There are scores, hundreds of interconnecting factors and variables that are involved in any type of mental illness. Why the emphasis on finding the right chemical mix? Because it is convenient, the treating physician never has to leave his desk, and it is less expensive and less time consuming than getting to the root of the problems.
Educators especially need to be aware of the many factors involved in the personality development of children, as well as the factors involved in children's behavior, and their difficulties in school. Bronfenbrenner's model of child psychology gives a much more plausible explanation and context from which to consider children's psychological difficulties than does the medical model.
Urie Bronfenbrenner has been an influential development psychologist in the past three decades. The family is the filter through which the larger society influences child development. The family should serve as a buffer against harmful elements in the culture at-large. When family life is damaging or emotionally hurtful, then that can lead to a host of diagnosable psychological of psychiatric problems in
children and
teens, or which can manifest itself in adult life.
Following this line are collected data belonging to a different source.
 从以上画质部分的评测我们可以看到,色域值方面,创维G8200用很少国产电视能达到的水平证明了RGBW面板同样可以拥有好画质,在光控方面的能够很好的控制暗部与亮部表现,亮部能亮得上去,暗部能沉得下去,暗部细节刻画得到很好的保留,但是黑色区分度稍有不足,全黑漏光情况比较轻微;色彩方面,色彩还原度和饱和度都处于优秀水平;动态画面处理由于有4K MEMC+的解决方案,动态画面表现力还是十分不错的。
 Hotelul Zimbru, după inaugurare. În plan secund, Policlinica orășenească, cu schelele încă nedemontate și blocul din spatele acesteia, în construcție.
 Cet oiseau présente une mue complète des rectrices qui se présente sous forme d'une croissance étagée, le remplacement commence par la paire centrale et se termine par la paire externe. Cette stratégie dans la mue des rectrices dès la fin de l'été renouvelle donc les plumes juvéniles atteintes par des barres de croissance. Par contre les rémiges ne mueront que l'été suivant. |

Bronfennbreener distinguishes between microsystems, which would include settings that a child has in direct personal experience, and which contribute to the shaping of his personality, the family, a day-care center or
school, a job setting (for a teenager), and exosystems, which also affect the child's environment and hence the development of his or her personality. This would include the parents' work and workplace, as one example.
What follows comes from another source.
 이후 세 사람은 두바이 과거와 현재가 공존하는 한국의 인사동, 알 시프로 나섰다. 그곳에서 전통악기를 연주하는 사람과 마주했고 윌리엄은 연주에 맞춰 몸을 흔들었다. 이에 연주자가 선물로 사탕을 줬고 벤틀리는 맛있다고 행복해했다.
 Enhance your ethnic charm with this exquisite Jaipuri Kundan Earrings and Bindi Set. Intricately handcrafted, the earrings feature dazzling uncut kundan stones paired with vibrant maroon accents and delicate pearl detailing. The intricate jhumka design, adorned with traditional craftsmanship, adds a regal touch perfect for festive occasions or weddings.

Also the macrosystem in which the child lives influences both his behavior and personal growth, the neighborhood in which the family lives, the ethnic identity of the family, and the larger culture in which the entire system exists, are part of this macrosystem.
So we see that there is a complex set of relationships that affect a child's behavior, personality, and adjustment. Most research involving
children and psychological difficulties examine only small pieces of the total ecological system. So that much of what is learned is "piecemeal rather than systemic." (Bee, H.; Boyd, D., 2007; pp. 363,364).
A biological/medical model of children's psychological difficulties, then, is very short-sighted. It fails to take into consideration all of the many factors that influence a child's personality or to push them off to the side as if they were only of secondary importance. Biology, genetics, are one small part of the complete picture. In a hundred piece puzzle, biology and genetics might be two pieces in the puzzle. This is what most
psychiatrists have been trained in, that most funding for research and clinical studies have concentrated on, that is pharmaceutical research, partly because the most money to be made (from pharmaceutical companies) can be found in research dedicated to making new pharmaceuticals and genetic research.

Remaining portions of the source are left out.